Terá sido este, indubitavelmente, o propósito que conduziu o legislador ordinário a concretizar, definir, os pressupostos e medida do dever de reparação plasmado no artigo 43.º da LGT, o qual foi recentemente objecto de revisão tendo precisamente em vista um alargamento das situações ou hipóteses em que essa reparação deve ocorrer.


Em conformidade com o regime estabelecido no citado artigo 43.º, para o que ora releva, são devidos juros indemnizatórios quando se determine, em reclamação graciosa ou impugnação judicial, que houve erro imputável aos serviços, de que resultou um pagamento de dívida tributária em montante superior ao legalmente devido (n.º 1), sendo aplicável, na sua contagem, a taxa prevista para os juros compensatórios (n.º 4).


Por sua vez, por força do preceituado no artigo 35.º, n.º 10 da LGT, a taxa dos juros compensatórios é equivalente à taxa dos juros legais fixados nos termos do n.º 1 do artigo 559.º do Código Civil, resultando deste preceito que os juros legais e os estipulados sem determinação de taxa ou quantitativo são os fixados em portaria conjunta dos Ministros da Justiça, das Finanças e do Plano, os quais devem ser calculados à taxa de 4%, por força do artigo 1.º, da Portaria 291/2003, em vigor.


Na presente Impugnação Judicial ficou já decidido que o acto de repercussão é ilegal por violação do artigo 85.º, n.º 3 da LOE2017 e que desse acto ilegal resultou um pagamento de dívida tributária em montante superior ao legalmente devido, pelo que não temos dúvidas em afirmar que se verificam estes particulares requisitos de atribuição de juros indemnizatórios.


A única questão que se pode colocar será a de saber se a Recorrente, enquanto pessoa colectiva de direito privado (no caso constituída sob a forma de sociedade anónima), ainda poderá considerar-se abrangida pelo artigo 43.º da LGT. Ou seja, se a concessionária de um serviço público, no que respeita a lesões patrimoniais decorrentes de um acto de repercussão de tributo por si praticado ao abrigo do poder que para esse efeito lhe foi legalmente conferido, deve integrar o conceito de “serviços” para efeito de atribuição dos juros indemnizatórios previstos no citado normativo.


Do recorte legal, doutrinário e jurisprudencial efectuado, resulta já fortemente indiciado que, para nós, a resposta a esta questão deve ser afirmativa.
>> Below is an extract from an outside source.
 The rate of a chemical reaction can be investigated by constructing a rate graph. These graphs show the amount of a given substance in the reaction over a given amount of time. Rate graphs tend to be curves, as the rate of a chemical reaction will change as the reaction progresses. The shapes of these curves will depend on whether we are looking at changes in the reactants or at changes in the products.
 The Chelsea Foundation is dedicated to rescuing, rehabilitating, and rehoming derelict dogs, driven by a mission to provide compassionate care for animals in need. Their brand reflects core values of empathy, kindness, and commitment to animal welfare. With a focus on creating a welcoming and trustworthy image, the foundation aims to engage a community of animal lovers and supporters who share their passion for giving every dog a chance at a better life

Com efeito, acompanhamos a doutrina que considera que ainda é de abranger no conceito de serviços as empresas privadas concessionárias de serviço público que, nesta condição, substituem a Administração nas relações com o público e actuam como se fossem entidades públicas. Acresce que o Estado ao conceder legalmente à concessionária Recorrida a possibilidade de repercutir um tributo, a investiu de um poder tributário que a mesma exerce perante os seus clientes, o que “configura ainda uma competência tributária derivada ou de segundo grau”. A TOS continua, assim, a consubstanciar “uma contraprestação à prestação estadual constituída pela utilização privativa do domínio público do Estado, nada se alterando, sob o ponto de vista da substância das coisas, pela circunstância de essa utilização ocorrer no quadro de uma concessão de exploração desse mesmo domínio público.».
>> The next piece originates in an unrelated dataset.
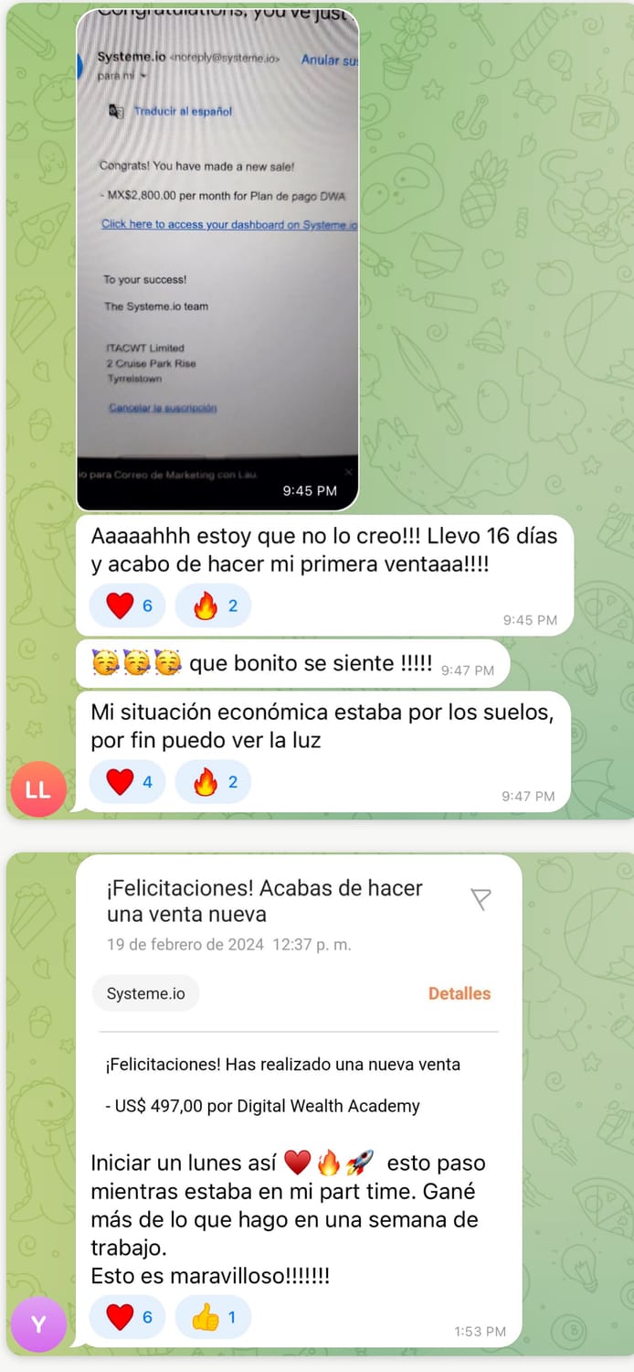 También tendrás acceso a mi grupo privado de Telegram donde tendrás mi asesoramiento y apoyo personal.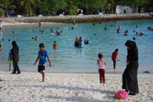 We found the artificial beach area where we saw the local kids and women enjoying a splash in the water, most women swimming fully dressed in long dark chador and head scarf outfit. We had breakfast upstairs overlooking the beach and laughed over the strange situation where the waiter brought out 3 coffees, all different, and three breakfasts for us when our orders seemed fairly clear and there were only two of us. Excellent food and total cost for the three of us was about $14.

Assim, a circunstância da entidade que praticou o acto lesivo (repercussão ilegal) ser uma entidade privada, uma sociedade anónima, não determina a sua exclusão do âmbito de aplicação do artigo 43.º da LGT, interpretado em conformidade com o artigo 22.º da CRP, porque o poder de repercutir a TOS (acto materialmente tributário praticado no exercício de uma actividade de serviço público), que legalmente lhe foi atribuído, corresponde ao exercício de um poder de autoridade típico do Estado. Mais se deve entender que a actividade desenvolvida pela concessionária não perde a sua natureza pública administrativa apenas por ser desenvolvida sob a forma de sociedade anónima, nem o acto de repercussão, praticado no contexto legal definido deixa de ser materialmente tributário por ser praticado pela concessionária, devendo entender-se que os valores cobrados ao consumidor na parte que respeitam à contrapartida da utilização pela Recorrida do bem de domínio público possuem ainda tendencialmente a natureza de créditos tributários.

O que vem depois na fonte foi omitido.